• **WHAT IS NEEDED**
Your answer must be the lines from the first record through the line that contains "Lot de 11 assiettes", copied exactly and without any pictures.

━━ RECORD EXCERPTS

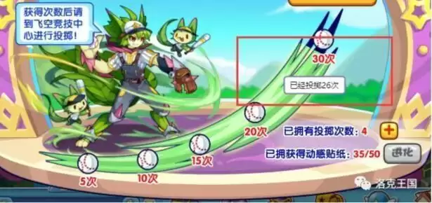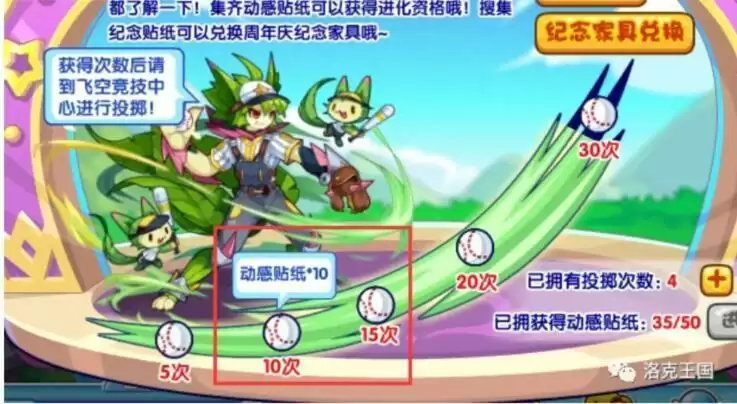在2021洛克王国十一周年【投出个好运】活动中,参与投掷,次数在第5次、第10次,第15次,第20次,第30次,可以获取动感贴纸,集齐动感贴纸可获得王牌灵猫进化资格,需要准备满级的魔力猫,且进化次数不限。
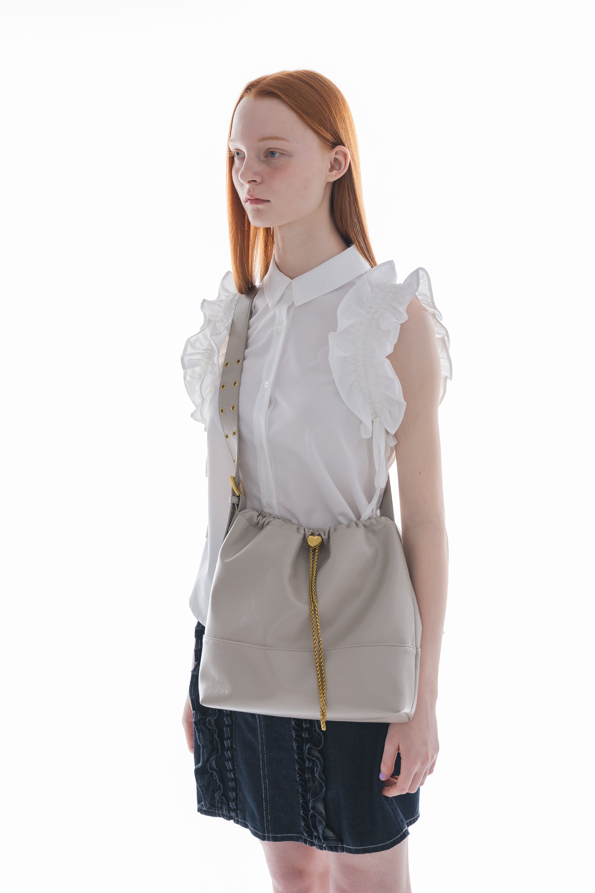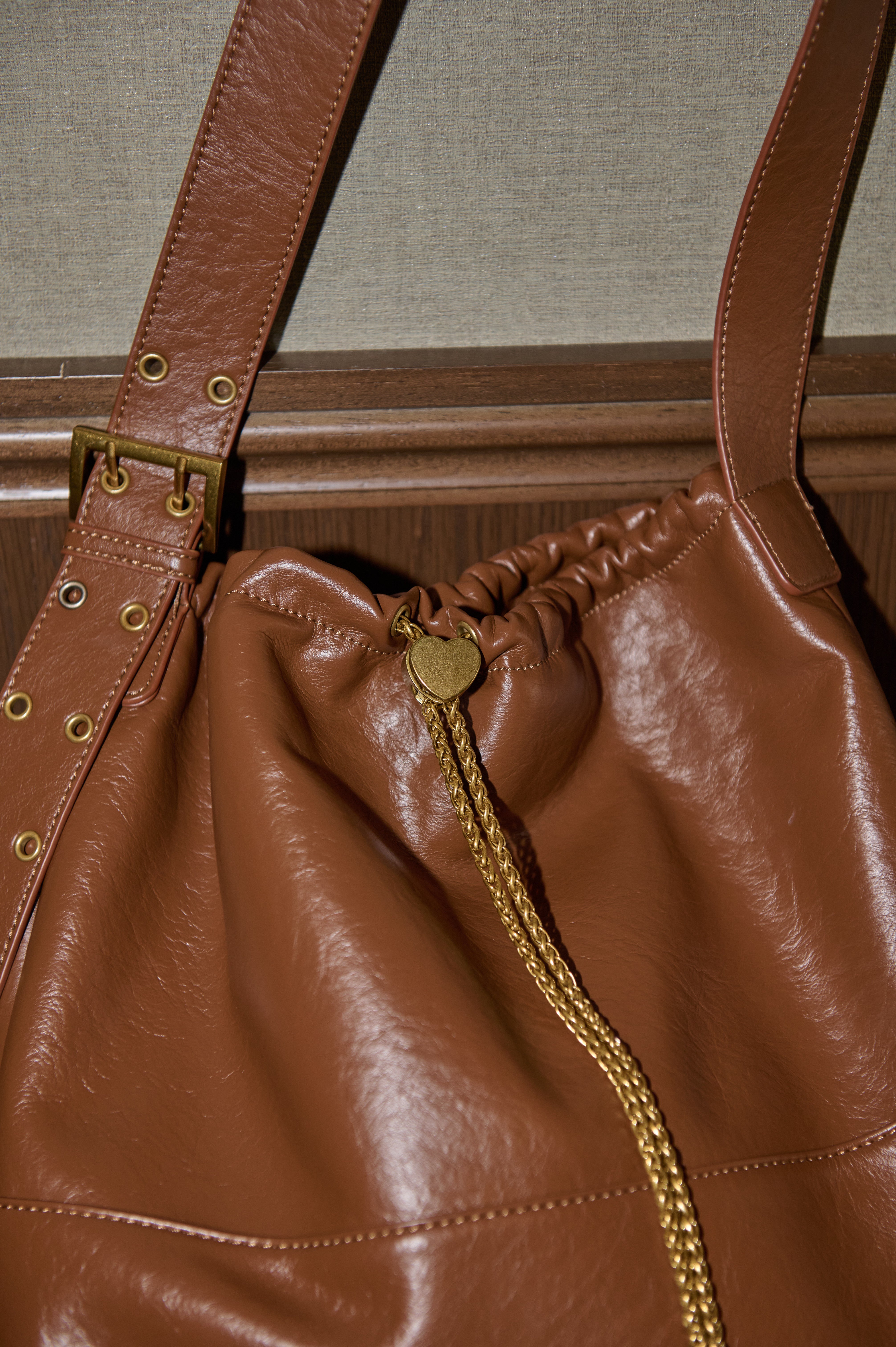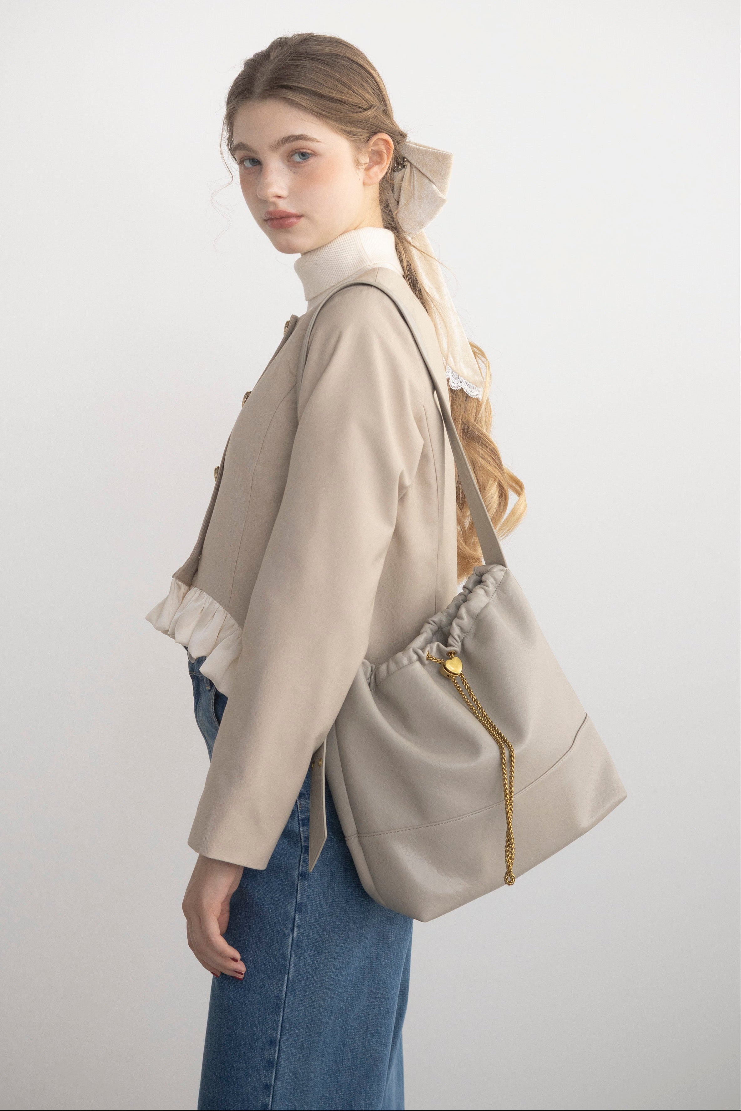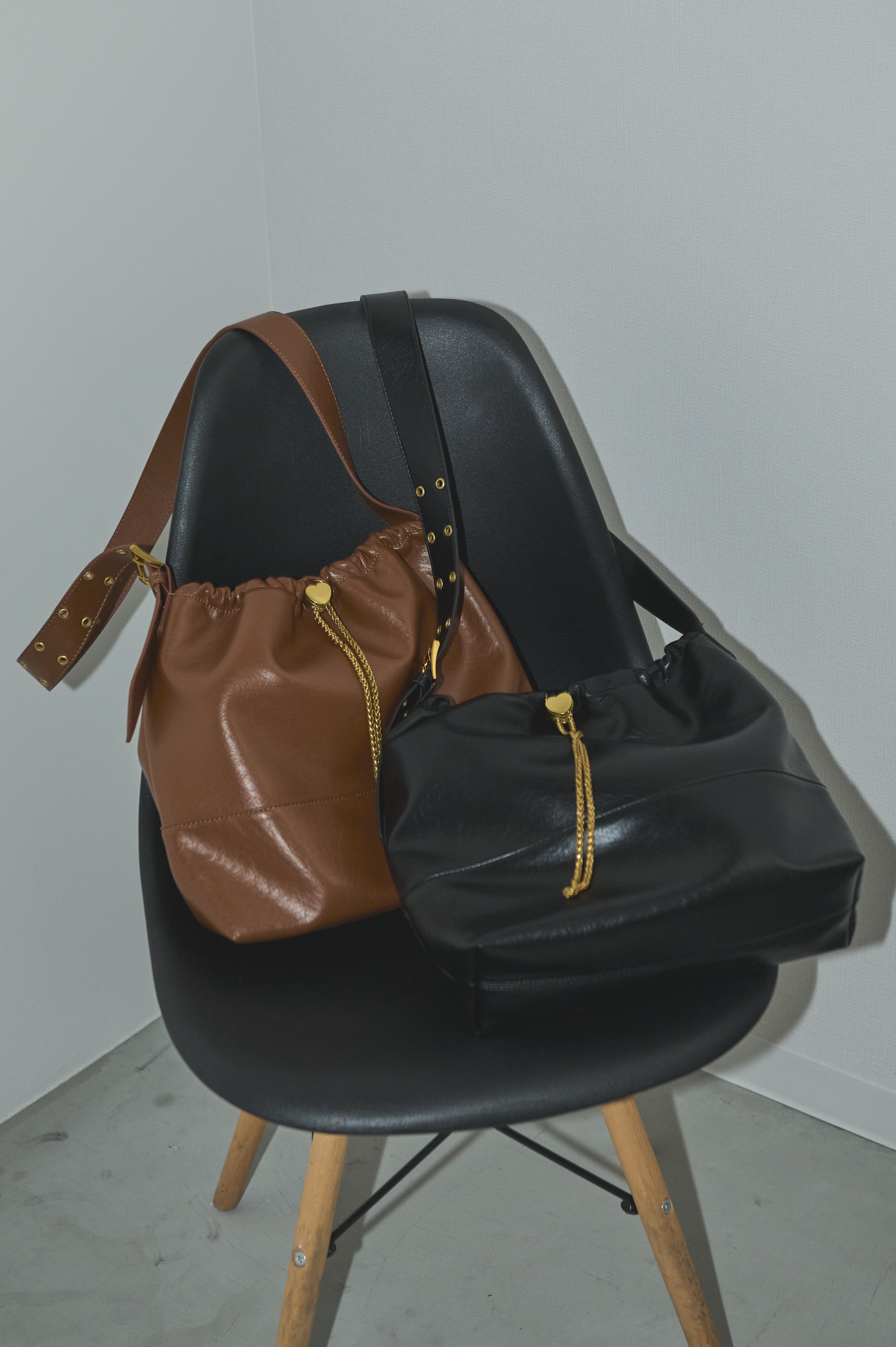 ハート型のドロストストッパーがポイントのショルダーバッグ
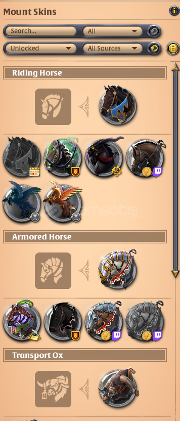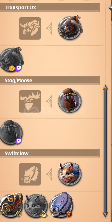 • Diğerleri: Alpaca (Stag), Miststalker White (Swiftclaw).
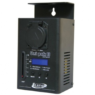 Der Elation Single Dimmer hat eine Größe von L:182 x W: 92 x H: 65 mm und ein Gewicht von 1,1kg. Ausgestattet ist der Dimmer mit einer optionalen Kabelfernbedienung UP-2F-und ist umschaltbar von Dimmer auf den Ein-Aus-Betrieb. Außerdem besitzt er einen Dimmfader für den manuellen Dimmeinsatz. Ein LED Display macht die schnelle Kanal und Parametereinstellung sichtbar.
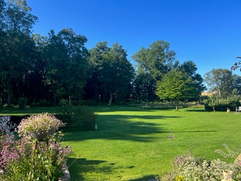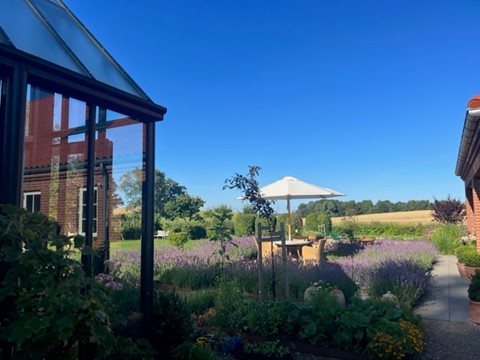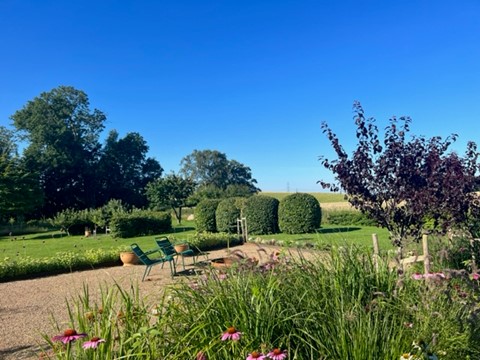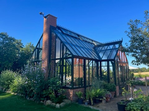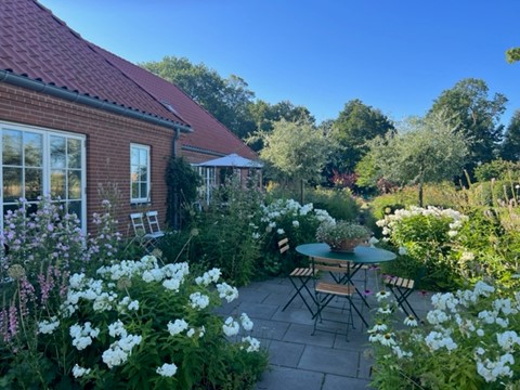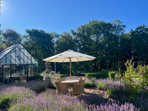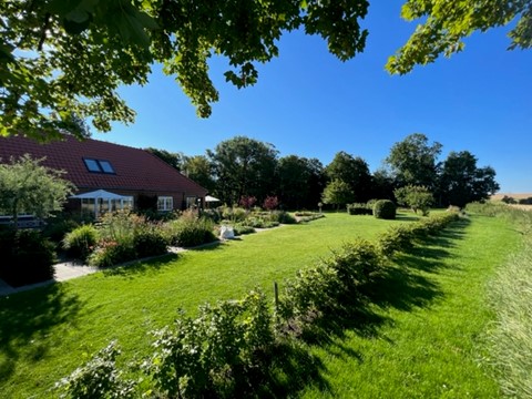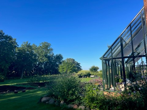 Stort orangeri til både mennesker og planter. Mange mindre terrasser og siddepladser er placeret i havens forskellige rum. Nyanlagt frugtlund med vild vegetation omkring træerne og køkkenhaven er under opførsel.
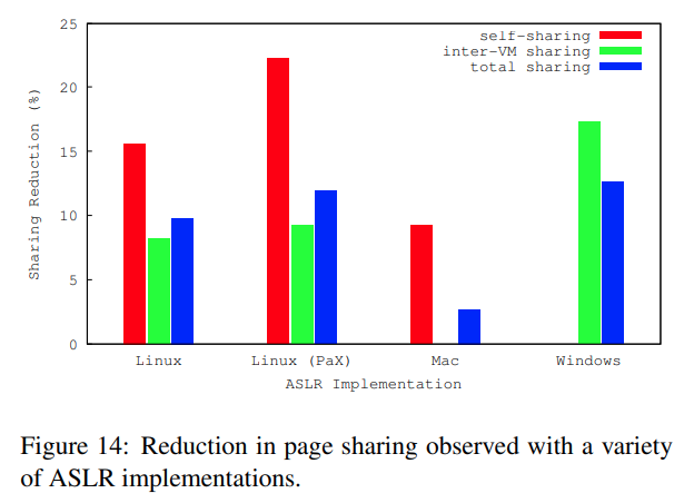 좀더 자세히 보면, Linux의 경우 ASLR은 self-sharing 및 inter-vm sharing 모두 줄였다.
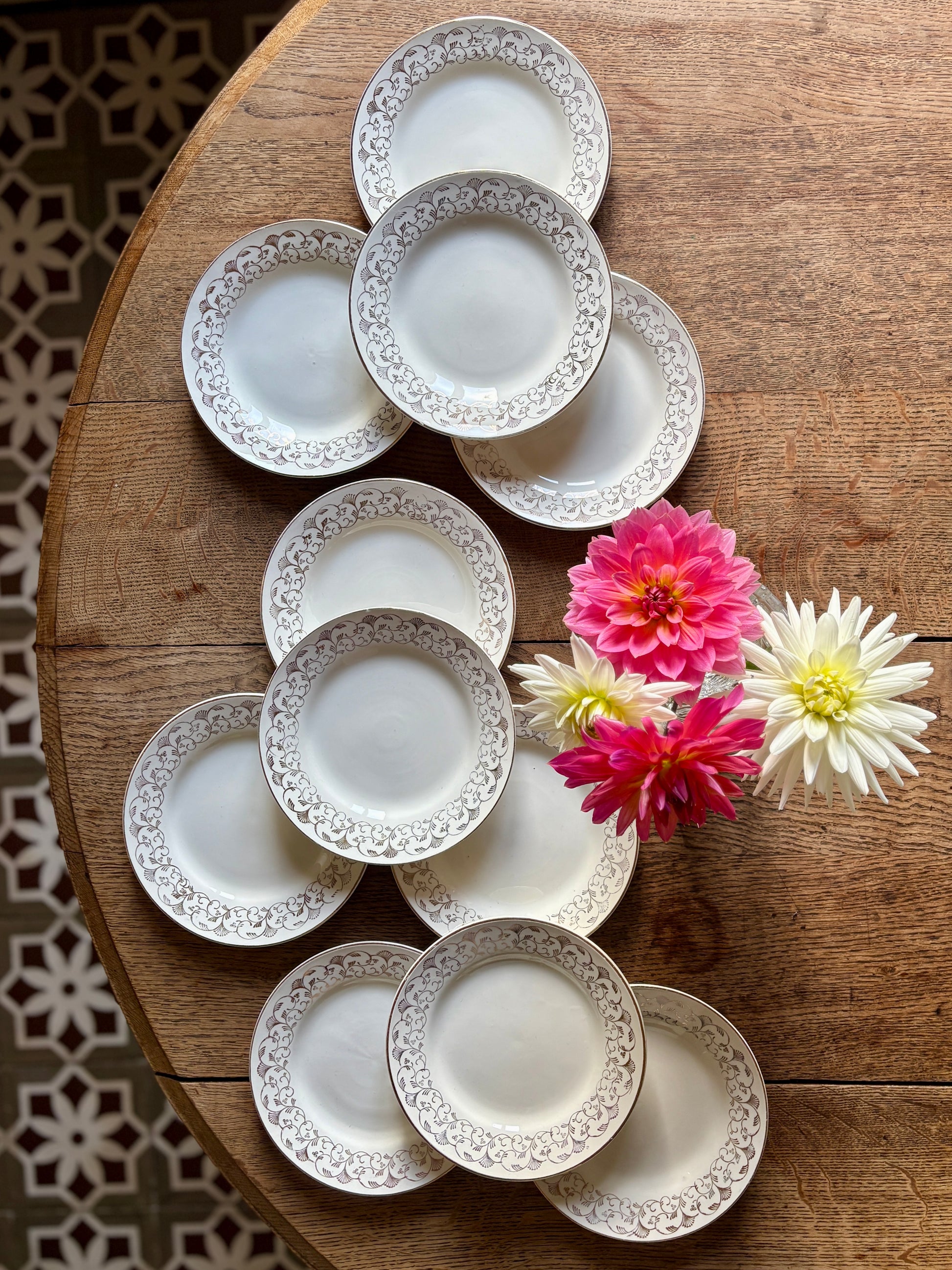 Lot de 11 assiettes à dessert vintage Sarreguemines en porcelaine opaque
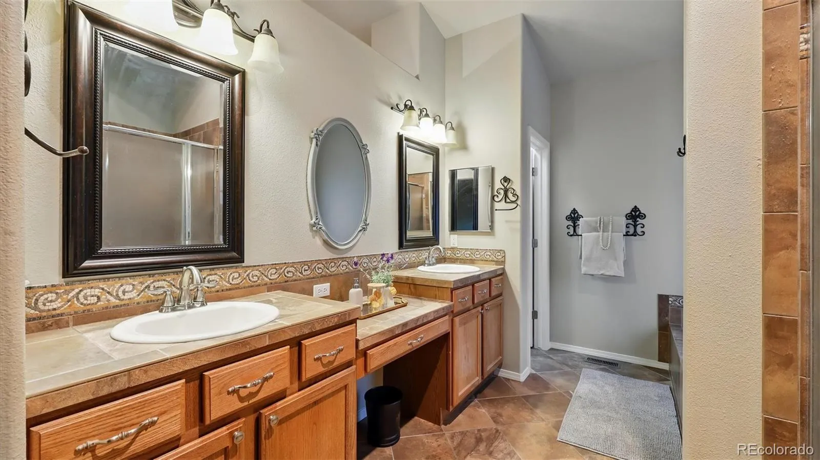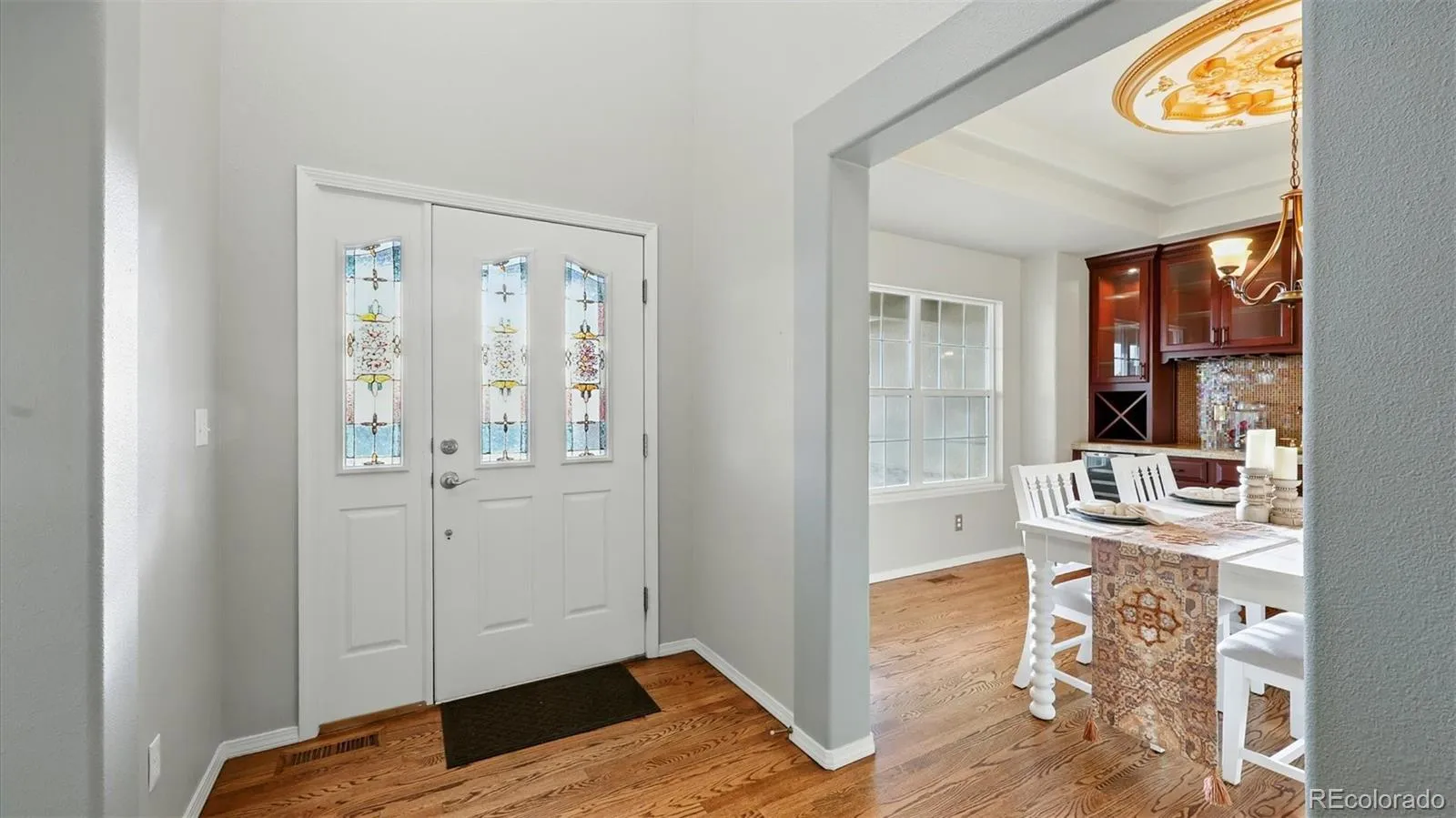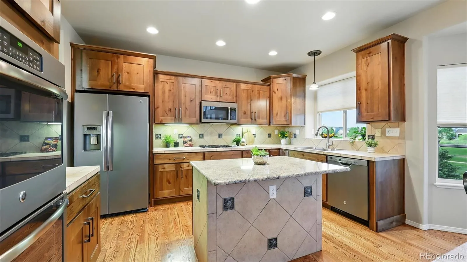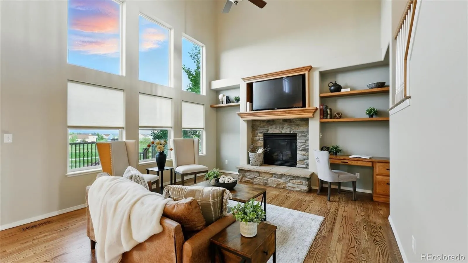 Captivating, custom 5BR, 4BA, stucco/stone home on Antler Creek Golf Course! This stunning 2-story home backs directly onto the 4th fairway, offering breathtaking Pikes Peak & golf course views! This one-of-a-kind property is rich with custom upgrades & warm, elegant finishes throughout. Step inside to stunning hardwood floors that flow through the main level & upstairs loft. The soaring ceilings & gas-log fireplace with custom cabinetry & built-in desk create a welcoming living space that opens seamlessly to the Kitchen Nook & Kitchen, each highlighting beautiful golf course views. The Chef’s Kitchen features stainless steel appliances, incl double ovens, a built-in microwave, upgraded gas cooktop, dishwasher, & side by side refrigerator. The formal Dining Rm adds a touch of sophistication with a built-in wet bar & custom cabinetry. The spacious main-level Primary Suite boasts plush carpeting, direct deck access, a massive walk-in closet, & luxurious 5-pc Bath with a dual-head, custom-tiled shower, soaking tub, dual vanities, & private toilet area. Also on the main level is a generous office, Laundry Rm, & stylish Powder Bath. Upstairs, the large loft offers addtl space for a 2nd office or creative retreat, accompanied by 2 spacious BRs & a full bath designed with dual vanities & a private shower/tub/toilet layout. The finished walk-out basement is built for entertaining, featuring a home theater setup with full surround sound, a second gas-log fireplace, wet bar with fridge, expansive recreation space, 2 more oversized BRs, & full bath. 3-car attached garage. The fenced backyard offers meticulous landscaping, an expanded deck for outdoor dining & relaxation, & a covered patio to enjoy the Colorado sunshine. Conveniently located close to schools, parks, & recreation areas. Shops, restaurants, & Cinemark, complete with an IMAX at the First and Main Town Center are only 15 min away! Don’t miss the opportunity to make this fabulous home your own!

━━━━

• **TASK OUTPUT**
在2021洛克王国十一周年【投出个好运】活动中,参与投掷,次数在第5次、第10次,第15次,第20次,第30次,可以获取动感贴纸,集齐动感贴纸可获得王牌灵猫进化资格,需要准备满级的魔力猫,且进化次数不限。
 ハート型のドロストストッパーがポイントのショルダーバッグ
 • Diğerleri: Alpaca (Stag), Miststalker White (Swiftclaw).
 Der Elation Single Dimmer hat eine Größe von L:182 x W: 92 x H: 65 mm und ein Gewicht von 1,1kg. Ausgestattet ist der Dimmer mit einer optionalen Kabelfernbedienung UP-2F-und ist umschaltbar von Dimmer auf den Ein-Aus-Betrieb. Außerdem besitzt er einen Dimmfader für den manuellen Dimmeinsatz. Ein LED Display macht die schnelle Kanal und Parametereinstellung sichtbar.
 Stort orangeri til både mennesker og planter. Mange mindre terrasser og siddepladser er placeret i havens forskellige rum. Nyanlagt frugtlund med vild vegetation omkring træerne og køkkenhaven er under opførsel.
 좀더 자세히 보면, Linux의 경우 ASLR은 self-sharing 및 inter-vm sharing 모두 줄였다.
 Lot de 11 assiettes à dessert vintage Sarreguemines en porcelaine opaque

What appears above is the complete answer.